I was planning to use two separate boards for the two jobs I mentioned above. One board dedicated to the Waveform generation and one board for the Multi Channel Scalar application. So the time constraints are not that high regarding scheduling the two jobs.

However, is the digitalRead and digitalWrite time contraints related to the onboard clock or to the process by which the software interacts with the microcontroller? In that case I can always use the Due board which has 5 times higher clock speed. I am not sure if this answered in the link that you sent because apparently the link is broken :frowning:

I was talking about N-value waveform at 200kHz. But I guess from your response that might be too much ask from the Uno. I might have to go for hardcore FPGA modules!!! :frowning:

This seems like a very useful idea. I will try and see if I am able to implement this.

One of the ARM chips (Due, Teensy, Tiva Launchpad) with timer-driven DMA to D2A or gpio can probably do it for relatively small values of N. Maybe even an xmega. (What value of N are you looking for?)

You can probably find all sorts of things that will do ~44ksps (audio DAC rate.)

And there are chips like the AD9102 that will do 180M samples/s of arbitrary waveform, so you probably don't need to go all the way to full FPGA (a $25 chip, BTW.)

(The forum SW apparently won't format the link correctly. copy and past the text, and it should work. (But no, it doesn't talk about due.))

westfw:
One of the ARM chips (Due, Teensy, Tiva Launchpad) with timer-driven DMA to D2A or gpio can probably do it for relatively small values of N. Maybe even an xmega. (What value of N are you looking for?)

You can probably find all sorts of things that will do ~44ksps (audio DAC rate.)

And there are chips like the AD9102 that will do 180M samples/s of arbitrary waveform, so you probably don't need to go all the way to full FPGA (a $25 chip, BTW.)

(The forum SW apparently won't format the link correctly. copy and past the text, and it should work. (But no, it doesn't talk about due.))

http://forum.arduino.cc/index.php?topic=4324.0

Thanks for the tips. I will look into these things. Thanks again to both of you nick and west!! :slight_smile:

I was talking about N-value waveform at 200kHz. But I guess from your response that might be too much ask from the Uno. I might have to go for hardcore FPGA modules!!!

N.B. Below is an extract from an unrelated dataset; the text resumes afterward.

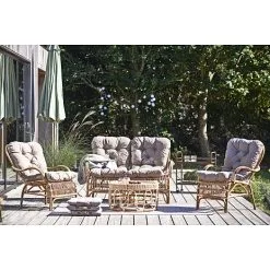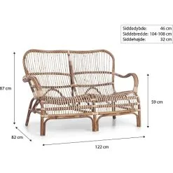Suma 2-personers loungesofa i tidløst natur farvet rattan. Sofaen er udformet i flet og er i en varm naturlig farve, som man nemt kan matche til andre møbler. Sofaens romantiske og afslappet stil passer perfekt til hyggekrogen, altanen eller terrassen. Du kan eksempelvis kombinere sofaen med loungestolen eller bordet fra samme serie, som kan være med til at skabe en naturlig og hjemlig atmosfære til en hyggestund.

It should be possible by writing directly to the I/O ports

That would let you set the value of 8 pins at the same time and 1 MHz+ update rate is possible
BUT the CPU probably won't be able to do much else while doing that

I got rid of jitter on a 6KHz signal using:

SREG &= 127;

SREG is a reserved word for the System Register.
This sets bit 7 of the System Register to zero (0), which turns off global interrupts.

Of course this only works if you don’t need interrupts.